By contrast, on March 23 there were 334 inmates, 241 of whom were at the Marathon County Jail, she said.
LaDu said police and prosecutors have also made changes that have had an impact on the jail population including summoning defendants into court rather than taking them into custody. Some court functions, including processing of “failure to appear” warrants, have been reduced. Many court appearances have been pushed out to June or are yet to be determined, and probation and parole agents are making an effort to manage clients without jail sanctions, LaDu said.
Some groups, including The Bail Project and others, continue to urge judges and corrections officials to allow early releases and bail reductions to prevent the potential spread of COVID-19 in jails.
Victim’s mother: “I believe there is a broken system”
But victims say their rights must be considered as well.
The mother of a 9-year-old girl who was allegedly assaulted in March told Wausau Pilot & Review she’s frustrated by Circuit Judge LaMont Jacobson’s decision to reduce the suspect’s $10,000 bond in the case. The woman, whose name is not being published in order to protect the victim, said she wants the judge to be held accountable for that decision.
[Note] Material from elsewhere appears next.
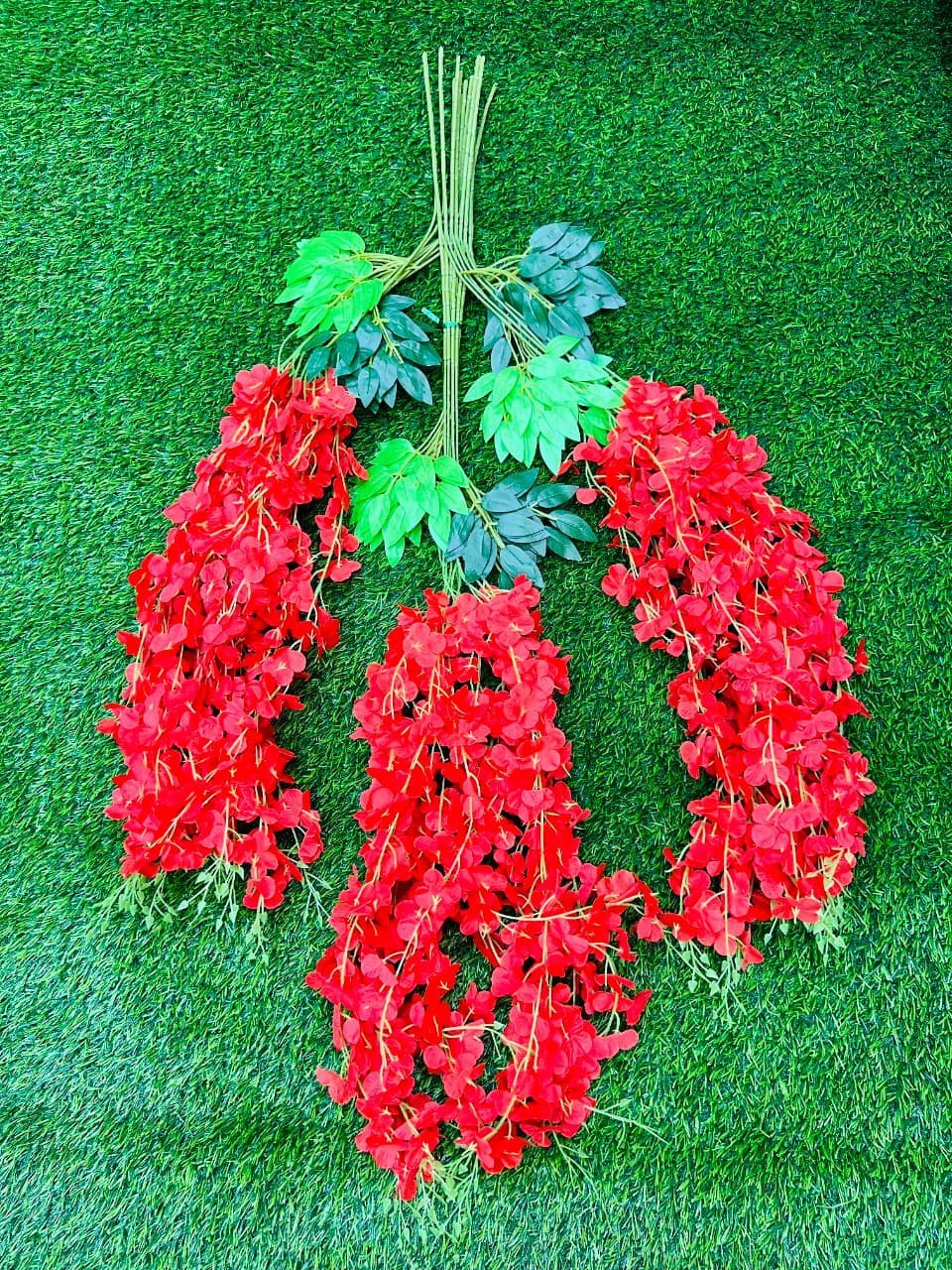 Realistic artificial red hanging flowers designed for home, party, and wedding decorations. Long-lasting and easy to maintain.

Joseph Davidson-Young, of Milwaukee, faces felony charges filed March 16 in Marathon County Circuit Court of child abuse-intentionally causing harm, strangulation/suffocation and bail jumping.
Court records show Jacobson granted Joseph Davidson-Young’s request for a bail reduction on April 29. The new amount, $2,500, covers this and two additional Marathon County cases, one of which also involves violent crimes against children.
The alleged victim’s mother said she was never contacted before that decision was made, and she is fearful for her daughter and her family should Davidson-Young raise the funds to be free.
“I believe there is a broken system,” she said.
In a social media post, Marathon County Sheriff Scott Parks said his department was under pressure by some people who called for the release of all offenders shortly after the recent COVID-19 issues began. Parks declined to do so.
“Those persons had committed crimes and other violations resulting in their being incarcerated,” Parks wrote. “We are mandated to protect the individual’s rights along with maintaining their safety and well-being while in our custody and we do that daily whether there is a virus pandemic or not.”